# Newborn Visa!!



## pueky (Apr 21, 2015)

Hi all,

My wife and I have been in South Africa for just over 2 and a half years and we have recently just had our first child, born on the 2nd of November. 

Now we are deciding what is the best course of action in regards to his visa. We both have 5 year Critical skill visas (expire May 2020) but would like to apply for permanent residency as soon as possible (my wife's CSV as professional nurse is a bit limiting).
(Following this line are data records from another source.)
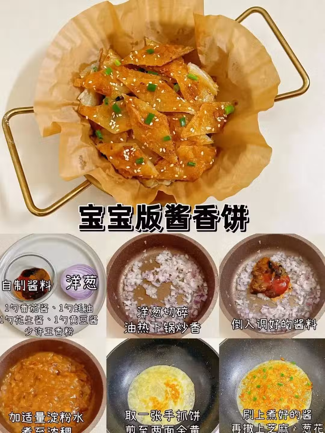 9. 寶寶版醬香餅:路邊攤的健康替身 普通手抓餅刷一層自調醬(豆瓣醬+番茄醬+糖),出鍋撒蔥花,切塊後秒變「兒童米其林」。 娃若質疑:「這和校門口的不一樣!」請淡定回答:「這是媽見喜版。」
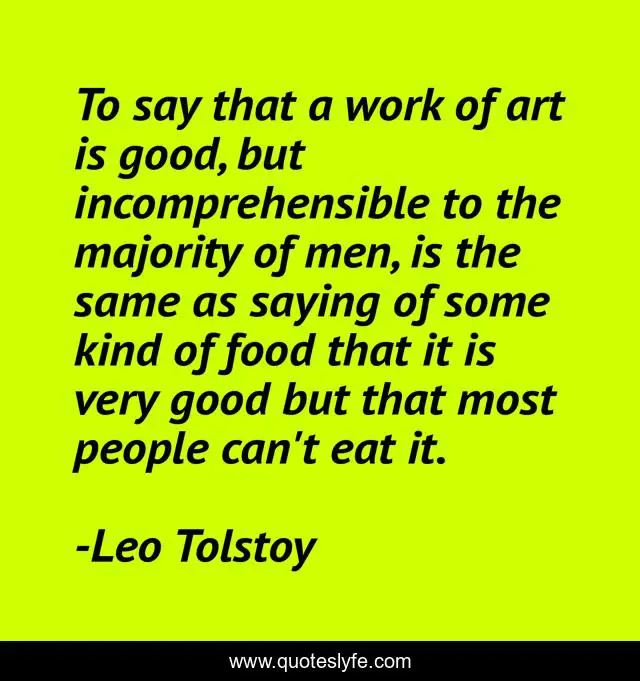 This page presents the quote "To say that a work of art is good, but incomprehensible to the majority of men, is the same as saying of some kind of food that it is very good but that most people can't eat it.". Author of this quote is Leo Tolstoy. This quote is about work, good, art,.
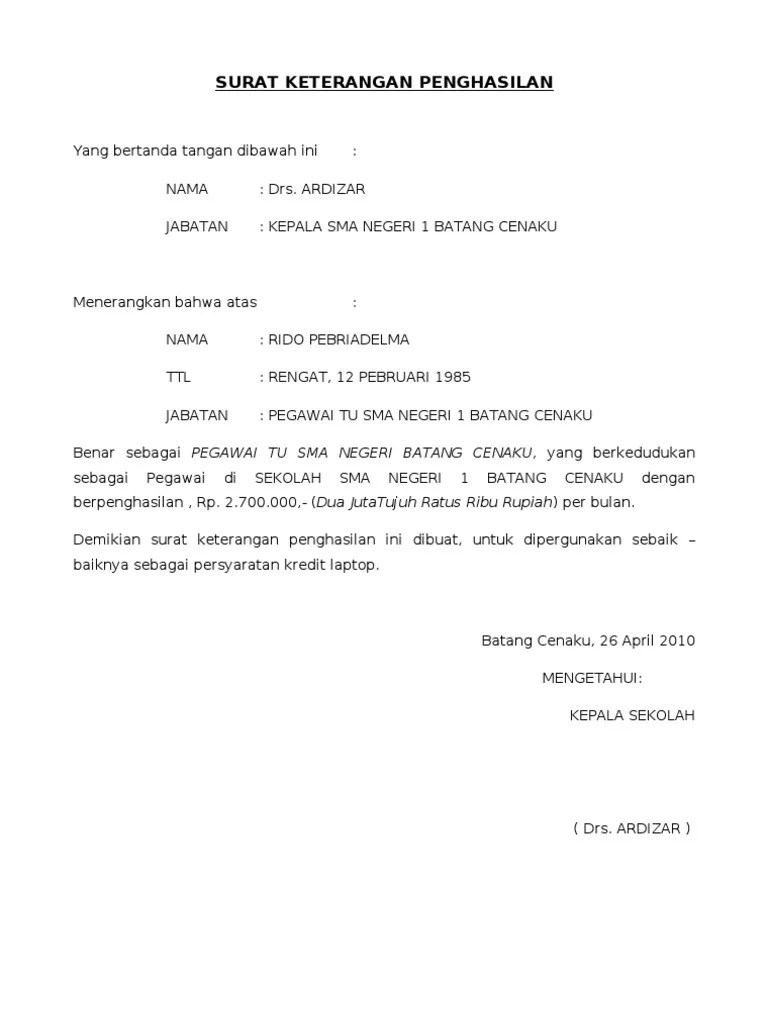 Surat keterangan penghasilan orang tua. Pastikan anda memiliki surat keterangan penghasilan kerja atau slip gaji untuk mempermudah administrasi. Surat keterangan penghasilan atau biasa disebut slip gaji adalah surat yang biasanya dikeluarkan oleh departemen keuangan perusahaan. Surat keterangan penghasilan orang tua. Nama lengkap orang tua ayah :

What would people recommend?
1) Get a temporary visa for Baby on my CSV (what visa is this at VFS?)
2) We all apply for permanent residence?
- On a side note I have heard that if you go with a consultant to get PR you have a much higher chance of getting it. Is this true? Can you recommend a good consultant?

Thanks again


----------



## Bwixie (Mar 11, 2014)

pueky said:


> Hi all,
> 
> My wife and I have been in South Africa for just over 2 and a half years and we have recently just had our first child, born on the 2nd of November.
> 
> ...


Hi there
You need to get your son a temporary visa asap-that will be a Visitor Visa for a child accompanying a parent on a work visa. Usually doesn't take more than 3 months to be issued but then again this is home affairs we are talking about . Thereafter you can proceed to point 2.
I have never used a consultant and frankly this is something you can successfully do by yourself as long as you submit all the required paperwork as per VFS guidelines and advice on this forum.


----------